## Your goal
Only the pictures are dropped; the lines of the material that follow are returned exactly.

## Dataset section
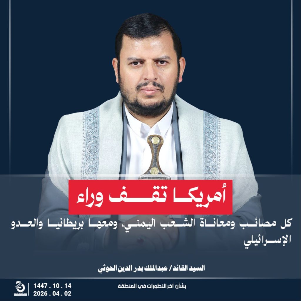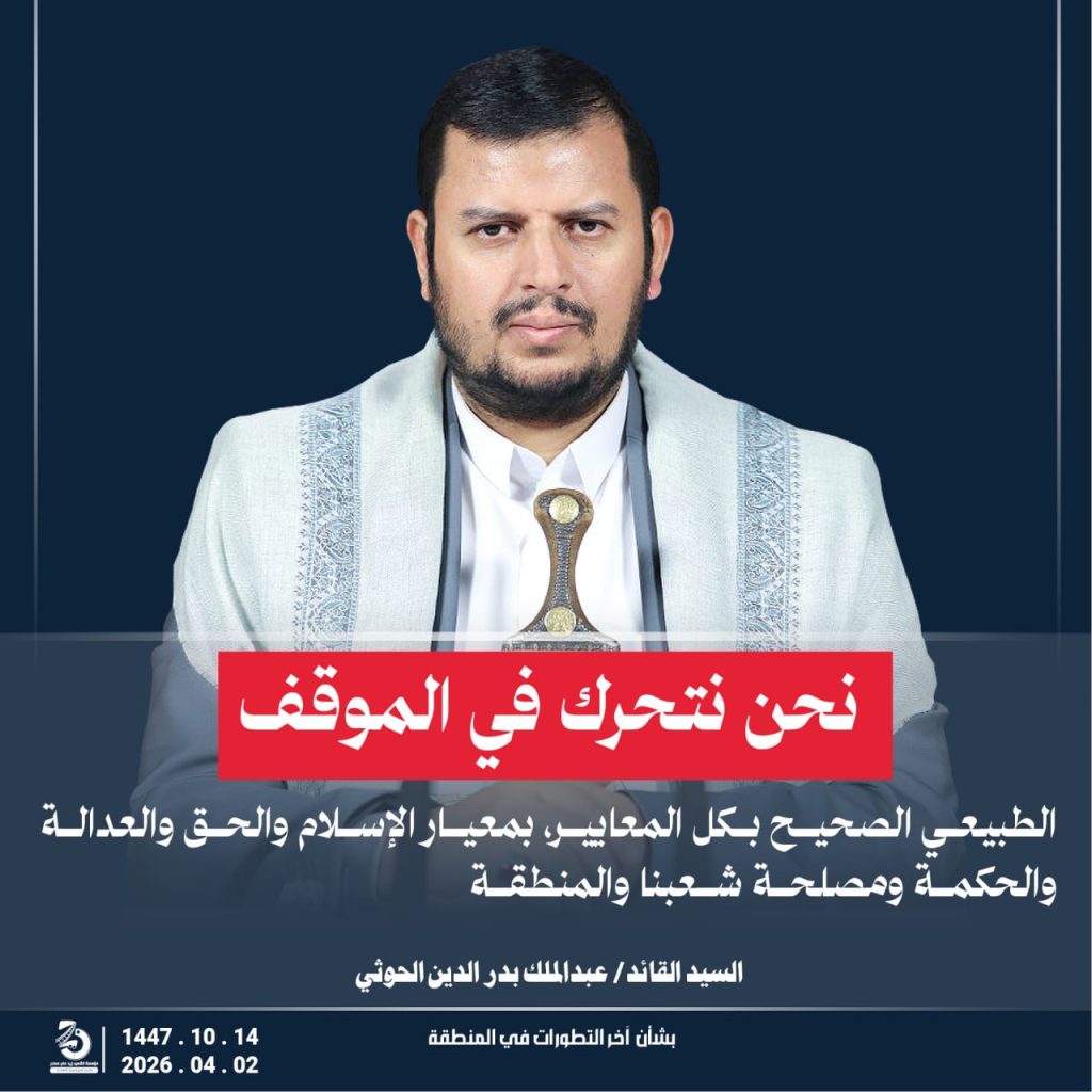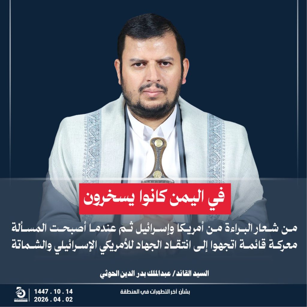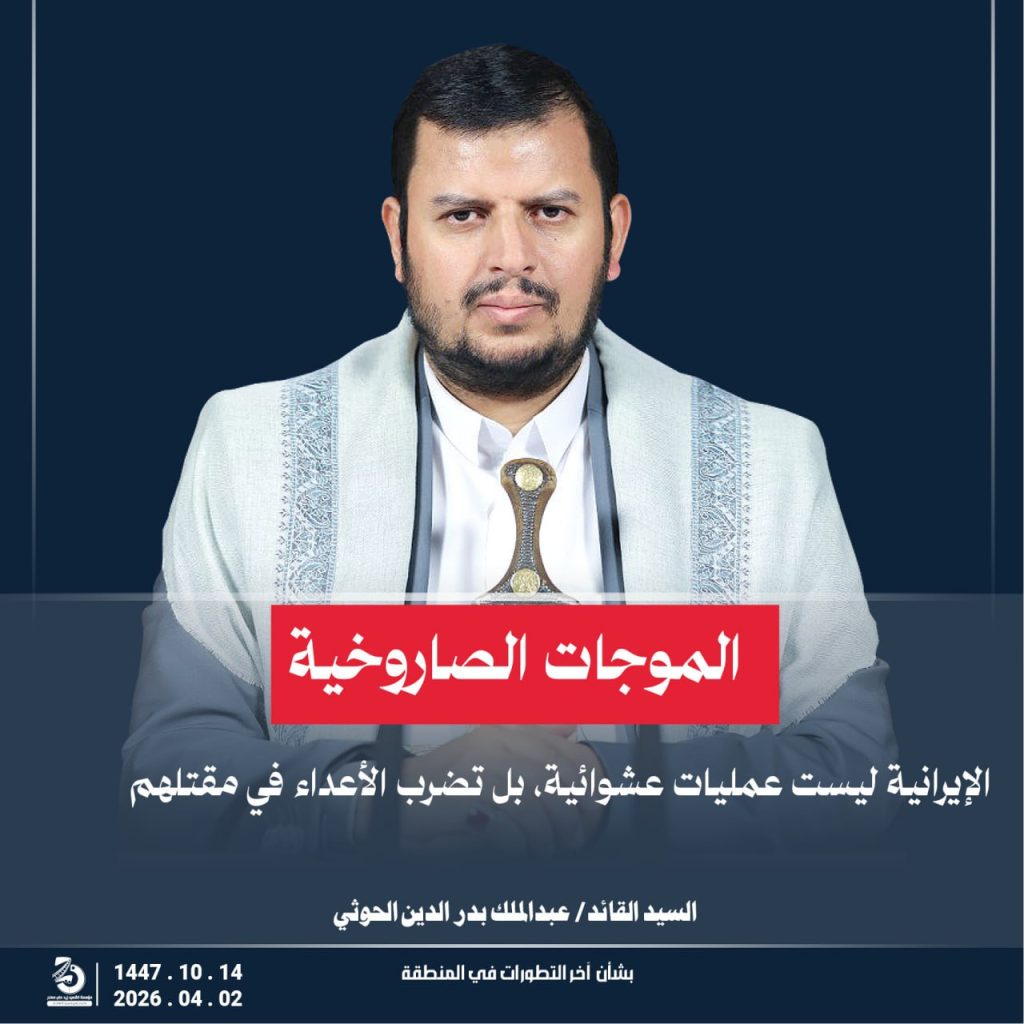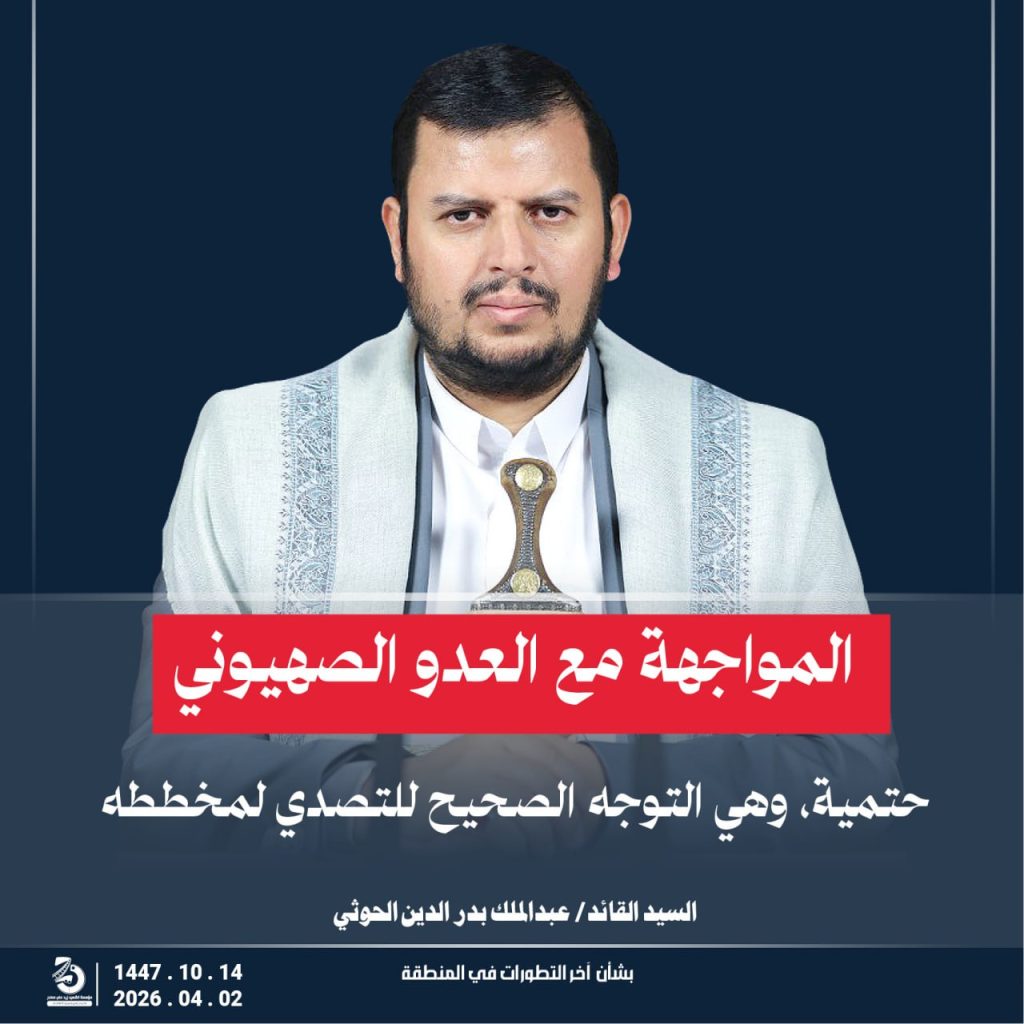 مقتطفات من كلمة السيد القائد عبدالملك بدر الدين الحوثي “يحفظه الله” بشأن آخر التطورات في المنطقة. 14 شوال 1447هـ | 02 أبريل 2026م أبريل 2, 2026 اسرائيلالاماراتالسعوديةالعدوان على ايرانالوعد الصادق4اليمنامريكاايران FacebookTwitterTelegramWhatsApp
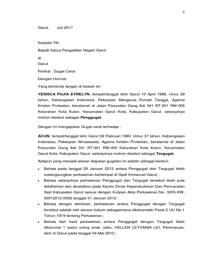Contoh surat gugatan cerai contoh surat gugatan cerai agama kristen protestan contoh surat gugatan cerai istri contoh surat gugatan cerai istri kepada suami di pengadilan negeri contoh surat gugatan cerai istri kepada suami pdf contoh surat gugatan cerai karena suami selingkuh contoh surat gugatan cerai kristen contoh surat gugatan cerai. Beulevard SektorAnggrekkomplek PerkantoranKotaKembangNo7kalimulya cilodong Kota Depok JawaBarat. Itulah yang dapat kami bagikan terkait contoh surat gugatan cerai agama kristen protestan.
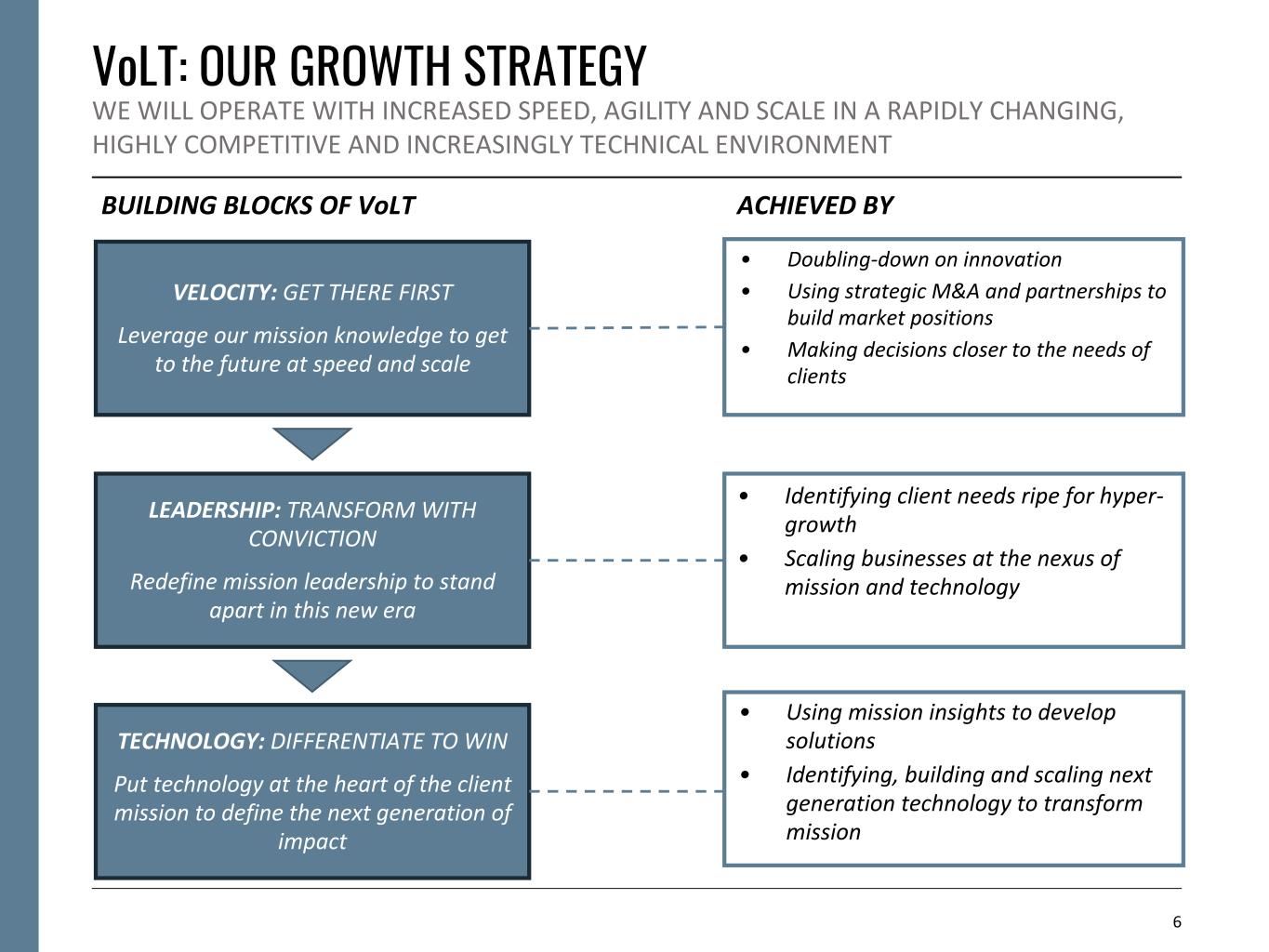 VoLT: OUR GROWTH STRATEGY WE WILL OPERATE WITH INCREASED SPEED, AGILITY AND SCALE IN A RAPIDLY CHANGING, HIGHLY COMPETITIVE AND INCREASINGLY TECHNICAL ENVIRONMENT 6 BUILDING BLOCKS OF VoLT ACHIEVED BY • Doubling-down on innovation • Using strategic M&A and partnerships to build market positions • Making decisions closer to the needs of clients VELOCITY: GET THERE FIRST Leverage our mission knowledge to get to the future at speed and scale LEADERSHIP: TRANSFORM WITH CONVICTION Redefine mission leadership to stand apart in this new era TECHNOLOGY: DIFFERENTIATE TO WIN Put technology at the heart of the client mission to define the next generation of impact • Identifying client needs ripe for hyper- growth • Scaling businesses at the nexus of mission and technology • Using mission insights to develop solutions • Identifying, building and scaling next generation technology to transform mission

## Exercise solution
 مقتطفات من كلمة السيد القائد عبدالملك بدر الدين الحوثي “يحفظه الله” بشأن آخر التطورات في المنطقة. 14 شوال 1447هـ | 02 أبريل 2026م أبريل 2, 2026 اسرائيلالاماراتالسعوديةالعدوان على ايرانالوعد الصادق4اليمنامريكاايران FacebookTwitterTelegramWhatsApp
Contoh surat gugatan cerai contoh surat gugatan cerai agama kristen protestan contoh surat gugatan cerai istri contoh surat gugatan cerai istri kepada suami di pengadilan negeri contoh surat gugatan cerai istri kepada suami pdf contoh surat gugatan cerai karena suami selingkuh contoh surat gugatan cerai kristen contoh surat gugatan cerai. Beulevard SektorAnggrekkomplek PerkantoranKotaKembangNo7kalimulya cilodong Kota Depok JawaBarat. Itulah yang dapat kami bagikan terkait contoh surat gugatan cerai agama kristen protestan.
 VoLT: OUR GROWTH STRATEGY WE WILL OPERATE WITH INCREASED SPEED, AGILITY AND SCALE IN A RAPIDLY CHANGING, HIGHLY COMPETITIVE AND INCREASINGLY TECHNICAL ENVIRONMENT 6 BUILDING BLOCKS OF VoLT ACHIEVED BY • Doubling-down on innovation • Using strategic M&A and partnerships to build market positions • Making decisions closer to the needs of clients VELOCITY: GET THERE FIRST Leverage our mission knowledge to get to the future at speed and scale LEADERSHIP: TRANSFORM WITH CONVICTION Redefine mission leadership to stand apart in this new era TECHNOLOGY: DIFFERENTIATE TO WIN Put technology at the heart of the client mission to define the next generation of impact • Identifying client needs ripe for hyper- growth • Scaling businesses at the nexus of mission and technology • Using mission insights to develop solutions • Identifying, building and scaling next generation technology to transform mission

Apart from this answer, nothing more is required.